“She refused to discuss why she was going out alone at night, breaking every rule for an unmarried miss. At the same time she was chasing after Ashway for his ring.” He could not decide which was worst—Miss Carville’s lack of candor, her lack of morals, or her lack of honor.
“Perhaps the chap is unsuitable, a servant, say, and she knew her stepfather would never give his permission. Or he could be a married man. She could be keeping his identity hidden so his wife doesn’t find out.”
“Or she is protecting her lover from the law.” He checked his notes. “Yet she said she did not know who killed Hawley. It was a clear blue, with no muddied maybes.”
“Well, then, she does not know and does not suspect the fellow in the park. And you are damning her for a light skirt without knowing the facts of the matter. She might have a fine reason for going out, not to meet a lover at all.”
“Name one.”
Daniel lowered his brows in concentration, without coming up with a single possibility. “Why don’t you ask her?’

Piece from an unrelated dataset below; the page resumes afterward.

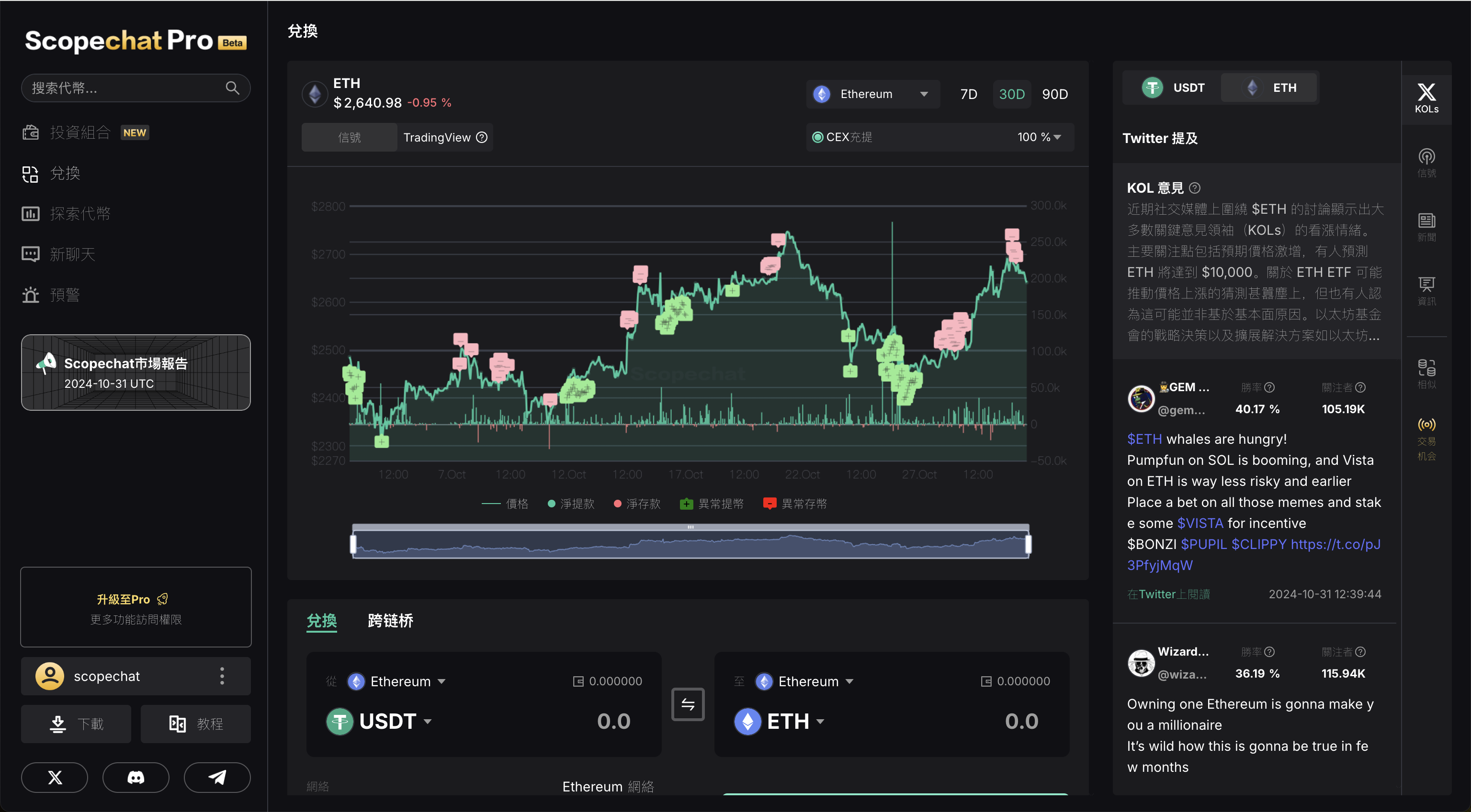 在Scopechat的交換功能中,您可以通過代幣資訊與分析面板查看以下內容: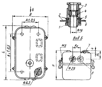 Пускатели ПМЕ-231 - ПМЕ-236. 1 - гайка; 2 - шайба; 3 - сальник в оболочке вместо пробки; 4 - уплотнение в сальнике (ставится потребителем); 5 - уплотнительное кольцо; 6 - оболочка; 7 - уплотнительная резиновая шайба в отверстиях для крепления пускателя; 8 - пробка. Таблица П4-2 Пускатели ПМЕ-231 - ПМЕ-236

“I did and she refused to answer.”
“No, ask her if she has a lover, not who he is. That’s what has your ballocks in a bind.”
“It is not!”
Daniel smiled and scratched his armpit. Verity the dog, whose only truth was a bone with meat on it, sighed and slumped at Daniel’s feet.
Rex glared at both traitors. “Furthermore, Nanny Brown managed to drum the basics of polite behavior into my head. One does not ask such questions of a lady. Can you imagine? How do you do, Miss Furbelow. May I have this dance? Oh, and by the way, are you a virgin?”
Daniel laughed. “Such honest dealing might make for happier marriages, without some poor nodcock finding out on his wedding night that his blushing bride has been gathering her rosebuds with the gardener.”
Rex was not laughing. He had more riddles than a Sphinx and did not need another puzzle. He already had to consider why the countess kept his few, coldly courteous letters in her desk, or why his boyhood portrait hung in her sitting room. Or why Miss Carville would not name the man in the park, even to save her own neck. Did she love him that much—and why did that notion bother Rex so much? Then there was the question of why French valets seemed to be cropping up like mushrooms.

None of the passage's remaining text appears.